Please transcribe the data exactly as shown, skipping the images.

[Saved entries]
+++
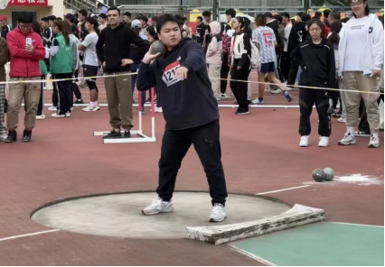 同一时刻,铅球男子组的比赛进行的热火朝天,王靖哲、谭运鹏、张子豪三位同学,站在操场上,手中沉甸甸的便是他们力量的证明,聚力一抛的瞬间,不仅寄托了我们的期望,更是他们辛勤努力的见证。
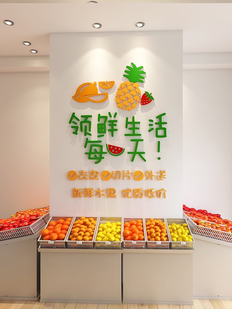 水果3d装饰用品文字墙贴纸画创意广告立体蔬菜店铺布置墙面U装修热门设计联盟服务商
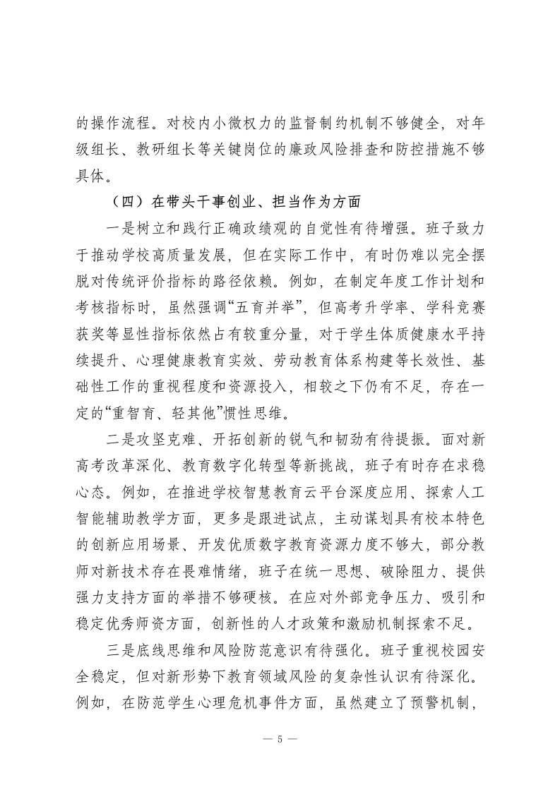 XX市第一中学党委2025年度民主生活会班子对照检查材料(五个带头)根据上级统一部署,XX市第一中学党委班子紧扣2025年度民主生活会主题,在深入学习党的二十届四中全会精神和系列重要文件精神、广泛征求意见建议、坦诚开展谈心谈话的基础上,严格对照五个方面重点内容,深入查摆突出问题,深刻剖析思想根源,明确整改方向措施。现将班子对照检查情况报告如下。一、存在的主要问题党委班子坚持问题导向,紧密联系学校工作实际,把自己摆进去、把职责摆进去、把工作摆进去,认真检视反思,查摆出以下突出问题。(一)在带头强化政治忠诚、提高政治能力方面一是理论武装的深度和转化效果有待加强。班子能够坚持“第一议题”制度,及时组织学习党的创新理论和重要指示精神,但在系统把握、融会贯通上还存在差距。例如,在结合学校实际贯彻落实党的教育方针,特别是将“发展素质教育”等宏观要求转化为具体的课程改革和评价体系改革举措时,思路不够开阔,举措创新性不足,有时仍习惯于参照既有模式,导致部分改革推进缓慢,与高质量发展的要求存在距离。对习近平新时代中国特色社会主义思想中关于教育、科技、人才“三位一体”战略部署的深层逻辑和实践路径研究不够透彻,未能完全将其1
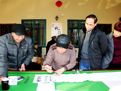 随后,老年朋友们围簇在4位书法家周围,观看他们现场挥毫创作,一面啧啧称奇,一面传递着书法家们已写好的春联。愉悦的气氛,热闹的场面深深感染着身边每一个人,一个多小时里,50多幅春联相继完成,许多老年朋友还自发一起朗读了由宋鸿斗老先生撰写的《老人健康歌》。绍兴电视台对本次活动进行了跟踪报道。
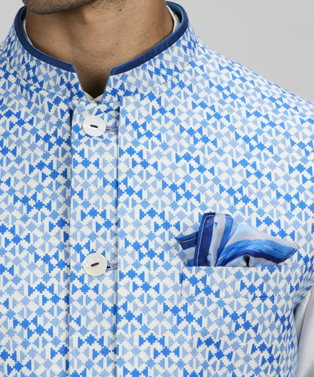 Azure Pixel Printed Layered Bandhi Jacket Colour: Blue Fabric: Cotton Components: 1 Bandhi Jacket
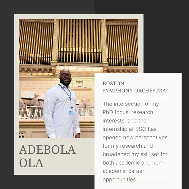 At the Boston Symphony Orchestra, Adebola Ola (Musicology & Ethnomusicology) digitized and documented current exhibition panels on display at Symphony Hall and created an Excel spreadsheet with over one thousand entries, documenting past panel exhibits from 2014 to 2024. Read Adebola’s full reflection.
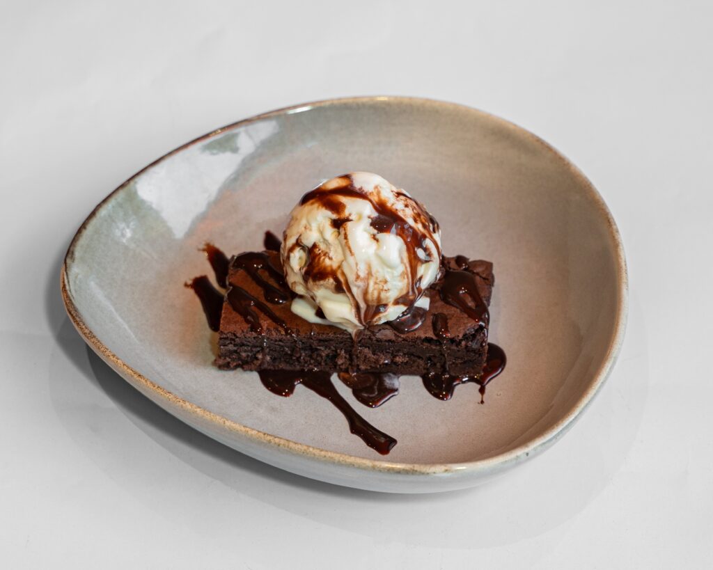 New Mexico Smothered Brownie rich choclate served with Vanilla Icecream and choclate sauce on top
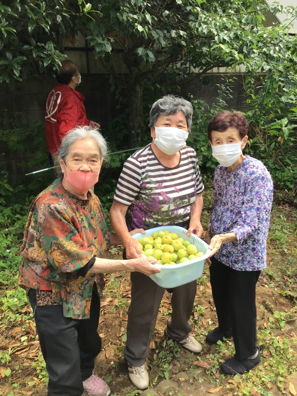 デイの庭に実った梅を、ご利用者様に手伝ってもらい収穫しました。
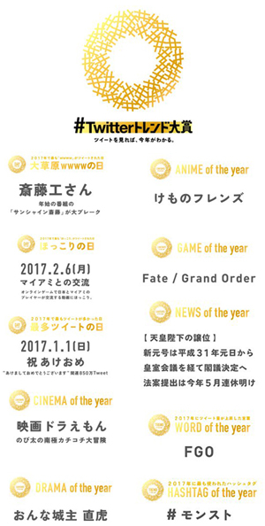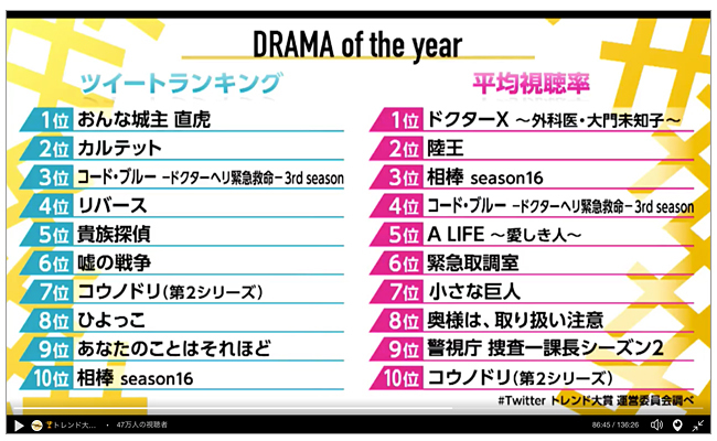 「#Twitterトレンド大賞」は、年間で最もツイート数が多かった日「デイ・オブ・ザ・イヤー」をはじめ、「エンタメコンテンツ・オブ・ザ・イヤー」「トレンド・オブ・ザ・イヤー」「リツイート・オブ・ザ・イヤー」の4部門で構成。「エンタメコンテンツ・オブ・ザ・イヤー」では、1月1日~11月30日のツイート数やリツイート数から算出した「話題量」をもとに、映画やアニメなどジャンルごとに作品を選出し、年間で最も話題量が多かったドラマ作品「DRAMA of the year」には、17年にツイートされたテレビ番組関連ハッシュタグで5位だったNHKの大河ドラマ『おんな城主 直虎』が輝いた。
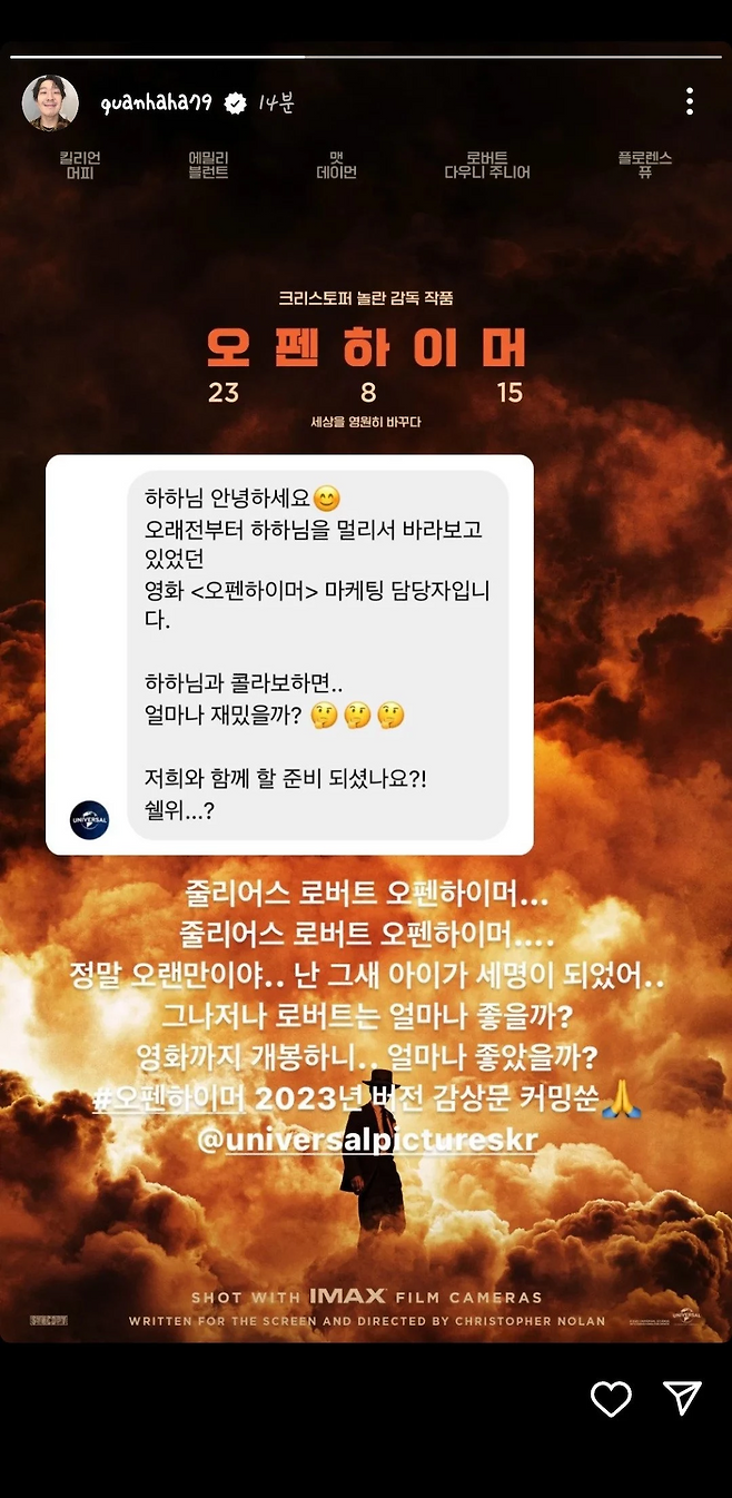영화 <오펜하이머>가 하하와 2023년 버전 감상문으로 콜라보 마케팅까지 하면서 세계관 완성이 되었다. 가슴이 웅장해지는 만남이다…
+++
§ TASK RESULT:
 同一时刻,铅球男子组的比赛进行的热火朝天,王靖哲、谭运鹏、张子豪三位同学,站在操场上,手中沉甸甸的便是他们力量的证明,聚力一抛的瞬间,不仅寄托了我们的期望,更是他们辛勤努力的见证。
 水果3d装饰用品文字墙贴纸画创意广告立体蔬菜店铺布置墙面U装修热门设计联盟服务商
 XX市第一中学党委2025年度民主生活会班子对照检查材料(五个带头)根据上级统一部署,XX市第一中学党委班子紧扣2025年度民主生活会主题,在深入学习党的二十届四中全会精神和系列重要文件精神、广泛征求意见建议、坦诚开展谈心谈话的基础上,严格对照五个方面重点内容,深入查摆突出问题,深刻剖析思想根源,明确整改方向措施。现将班子对照检查情况报告如下。一、存在的主要问题党委班子坚持问题导向,紧密联系学校工作实际,把自己摆进去、把职责摆进去、把工作摆进去,认真检视反思,查摆出以下突出问题。(一)在带头强化政治忠诚、提高政治能力方面一是理论武装的深度和转化效果有待加强。班子能够坚持“第一议题”制度,及时组织学习党的创新理论和重要指示精神,但在系统把握、融会贯通上还存在差距。例如,在结合学校实际贯彻落实党的教育方针,特别是将“发展素质教育”等宏观要求转化为具体的课程改革和评价体系改革举措时,思路不够开阔,举措创新性不足,有时仍习惯于参照既有模式,导致部分改革推进缓慢,与高质量发展的要求存在距离。对习近平新时代中国特色社会主义思想中关于教育、科技、人才“三位一体”战略部署的深层逻辑和实践路径研究不够透彻,未能完全将其1
 随后,老年朋友们围簇在4位书法家周围,观看他们现场挥毫创作,一面啧啧称奇,一面传递着书法家们已写好的春联。愉悦的气氛,热闹的场面深深感染着身边每一个人,一个多小时里,50多幅春联相继完成,许多老年朋友还自发一起朗读了由宋鸿斗老先生撰写的《老人健康歌》。绍兴电视台对本次活动进行了跟踪报道。
 Azure Pixel Printed Layered Bandhi Jacket Colour: Blue Fabric: Cotton Components: 1 Bandhi Jacket
 At the Boston Symphony Orchestra, Adebola Ola (Musicology & Ethnomusicology) digitized and documented current exhibition panels on display at Symphony Hall and created an Excel spreadsheet with over one thousand entries, documenting past panel exhibits from 2014 to 2024. Read Adebola’s full reflection.
 New Mexico Smothered Brownie rich choclate served with Vanilla Icecream and choclate sauce on top
 デイの庭に実った梅を、ご利用者様に手伝ってもらい収穫しました。
 「#Twitterトレンド大賞」は、年間で最もツイート数が多かった日「デイ・オブ・ザ・イヤー」をはじめ、「エンタメコンテンツ・オブ・ザ・イヤー」「トレンド・オブ・ザ・イヤー」「リツイート・オブ・ザ・イヤー」の4部門で構成。「エンタメコンテンツ・オブ・ザ・イヤー」では、1月1日~11月30日のツイート数やリツイート数から算出した「話題量」をもとに、映画やアニメなどジャンルごとに作品を選出し、年間で最も話題量が多かったドラマ作品「DRAMA of the year」には、17年にツイートされたテレビ番組関連ハッシュタグで5位だったNHKの大河ドラマ『おんな城主 直虎』が輝いた。
영화 <오펜하이머>가 하하와 2023년 버전 감상문으로 콜라보 마케팅까지 하면서 세계관 완성이 되었다. 가슴이 웅장해지는 만남이다…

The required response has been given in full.